Problem statement: Would you repeat the data below exactly, taking out the images?

>>>

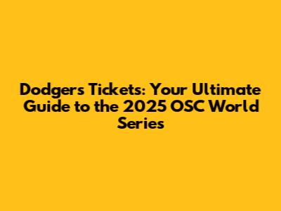 Dodgers Tickets: Your Guide To The 2025 OSC World Series
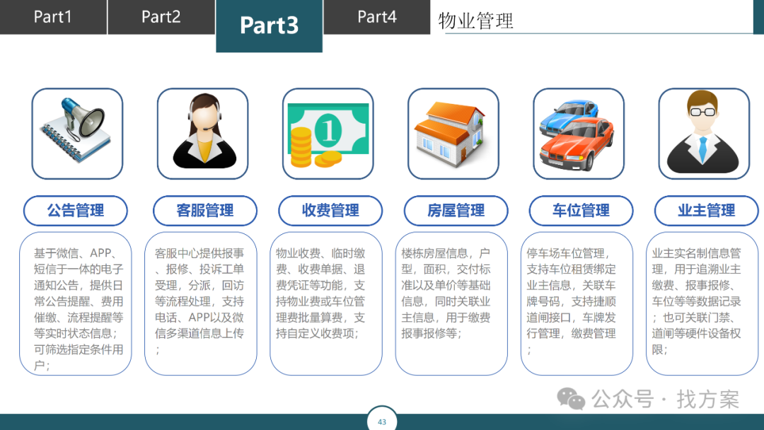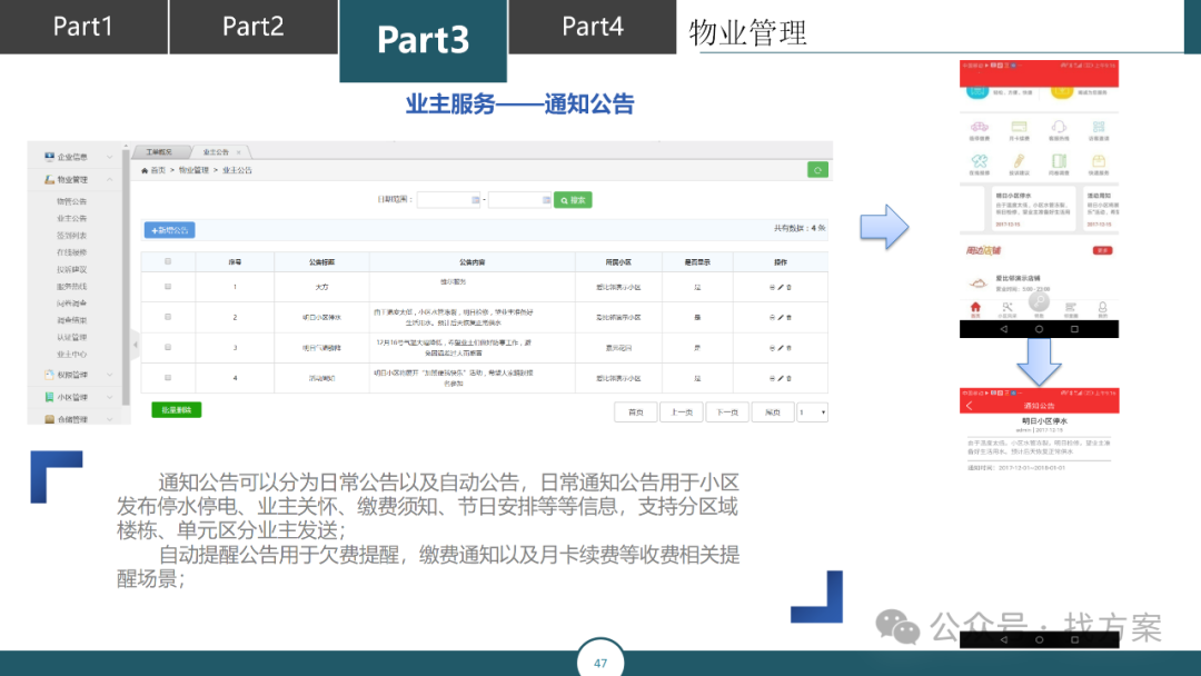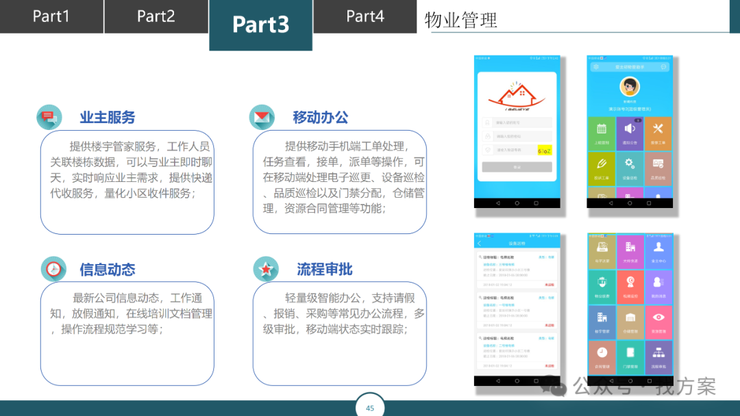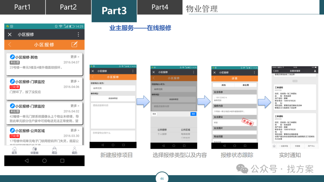 业主服务:通过 APP、微信等渠道,提供在线报修、通知公告、物业缴费、访客管理等服务,业主可实时跟踪报修进度,物业可快速响应需求;
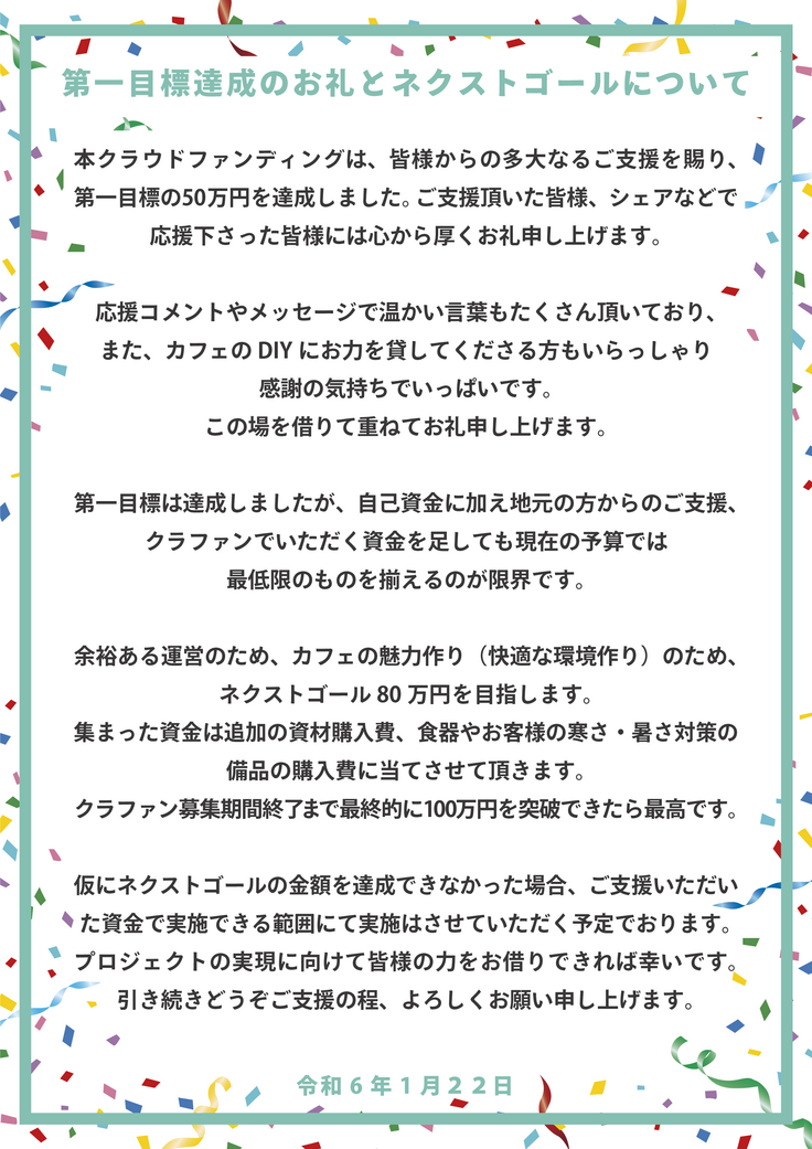 私たちの自己資金の他に地元の方々からの応援、市からの補助金を頂きましたが、どうしても予算が足りません。現在、工事費などがかなり不足している状況ですが、補助金の関係で2024年2月にオープンしなければならない為、資金が十分に集まっていないなか2023年12月に工事着工予定です。
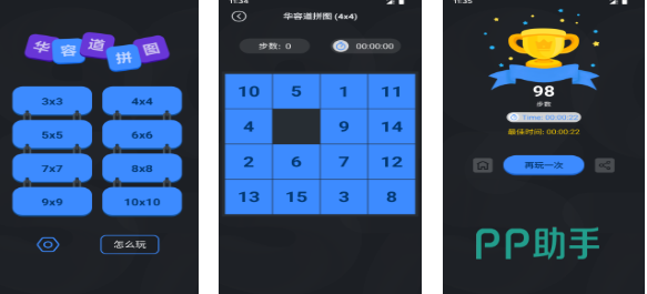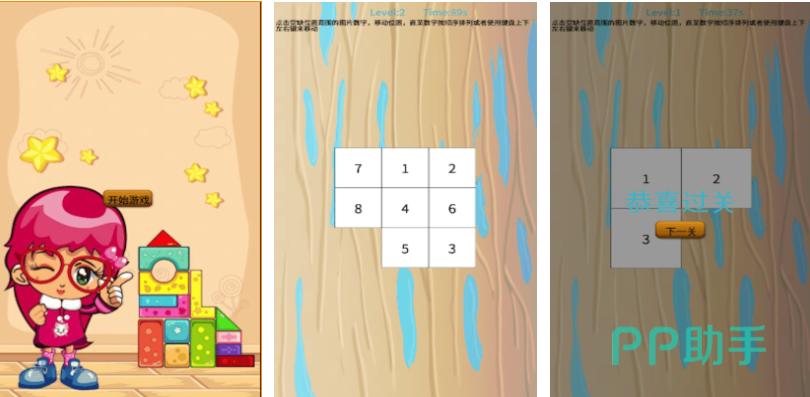 数字华容道这款数字解谜类游戏气氛营造更为轻松,玩家可从最简单的四图模式开始玩逐渐熟悉规则,游戏规则也简单但也集合了华容道精髓,个性化的数字方块移动玩法上手会更为轻松,木质的背景跟卡通画风呈现观赏性毋庸置疑,华容道高手可尝试10X10的最高难度感受华容道魅力,并不存在提示功能需要大家一步步摸索闯关。
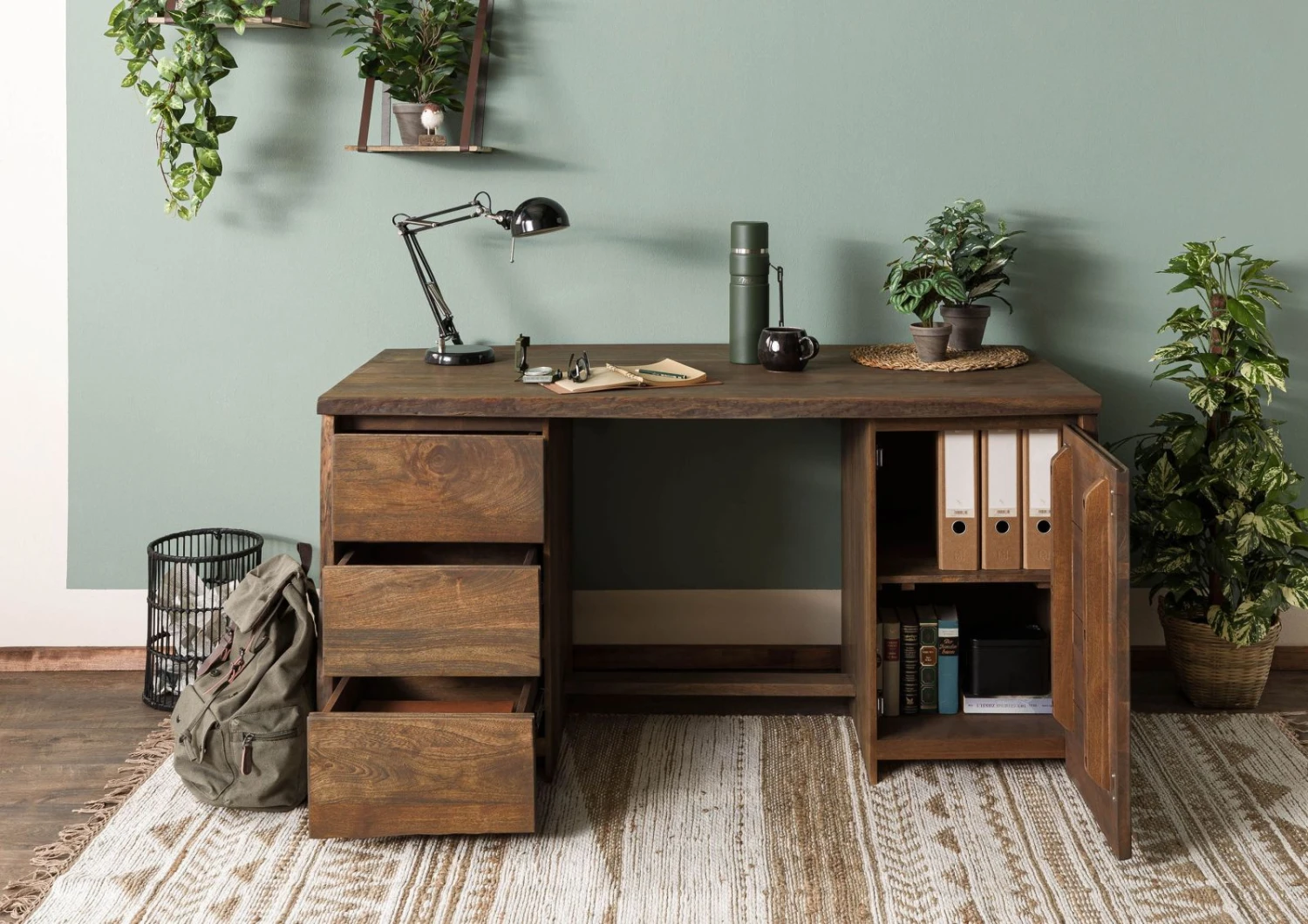 Description du produit PURE MANGO #210 Bureau en bois de manguier – huilé / marron 150x75x78
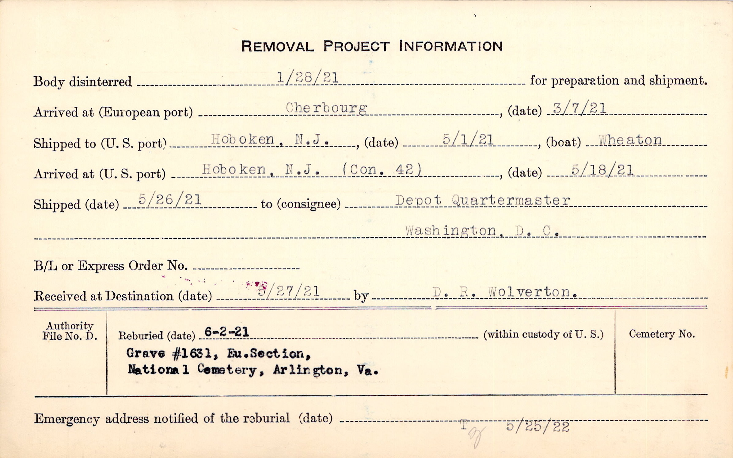 Body disinterred 1/28/1921 for preparation and shipment.
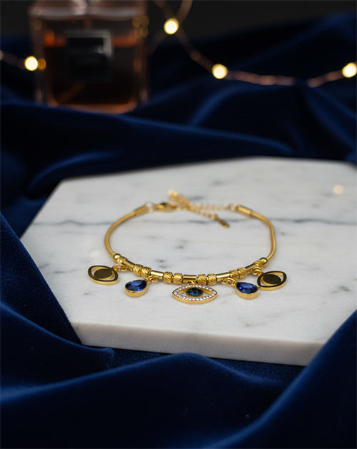 Enhance your jewellery collection with the elegant Blue Evil Eye Teardrop Crystal Anti-Tarnish Gold Plated Bracelet. Designed with a protective evil eye charm and deep blue teardrop crystals, this bracelet adds a graceful and meaningful touch to any outfit. Crafted from premium stainless steel with a high-quality gold-plated finish, it is anti-tarnish, durable, and comfortable for styling, festive occasions, parties, and thoughtful gifting.
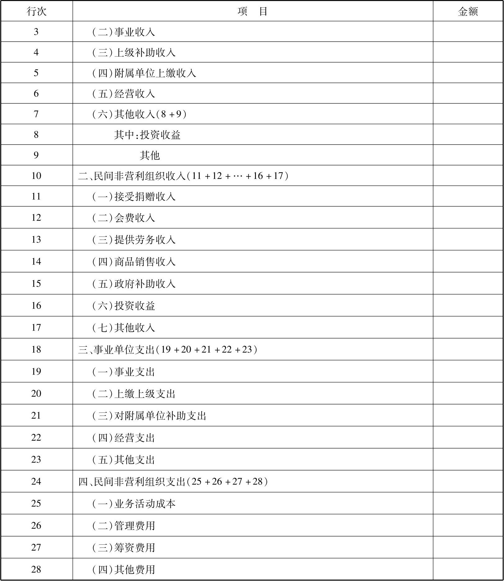 本表包括“事业单位收入”“民间非营利组织收入”“事业单位支出”“民间非营利组织支出”4个部分,而“事业单位收入”包括6项,即“财政补助收入”“事业收入”“上级补助收入”“附属单位上缴收入”“经营收入”“其他收入”。

<<<

Solution for this exercise:
 Dodgers Tickets: Your Guide To The 2025 OSC World Series
 业主服务:通过 APP、微信等渠道,提供在线报修、通知公告、物业缴费、访客管理等服务,业主可实时跟踪报修进度,物业可快速响应需求;
 私たちの自己資金の他に地元の方々からの応援、市からの補助金を頂きましたが、どうしても予算が足りません。現在、工事費などがかなり不足している状況ですが、補助金の関係で2024年2月にオープンしなければならない為、資金が十分に集まっていないなか2023年12月に工事着工予定です。
 数字华容道这款数字解谜类游戏气氛营造更为轻松,玩家可从最简单的四图模式开始玩逐渐熟悉规则,游戏规则也简单但也集合了华容道精髓,个性化的数字方块移动玩法上手会更为轻松,木质的背景跟卡通画风呈现观赏性毋庸置疑,华容道高手可尝试10X10的最高难度感受华容道魅力,并不存在提示功能需要大家一步步摸索闯关。
 Description du produit PURE MANGO #210 Bureau en bois de manguier – huilé / marron 150x75x78
 Body disinterred 1/28/1921 for preparation and shipment.
 Enhance your jewellery collection with the elegant Blue Evil Eye Teardrop Crystal Anti-Tarnish Gold Plated Bracelet. Designed with a protective evil eye charm and deep blue teardrop crystals, this bracelet adds a graceful and meaningful touch to any outfit. Crafted from premium stainless steel with a high-quality gold-plated finish, it is anti-tarnish, durable, and comfortable for styling, festive occasions, parties, and thoughtful gifting.
 本表包括“事业单位收入”“民间非营利组织收入”“事业单位支出”“民间非营利组织支出”4个部分,而“事业单位收入”包括6项,即“财政补助收入”“事业收入”“上级补助收入”“附属单位上缴收入”“经营收入”“其他收入”。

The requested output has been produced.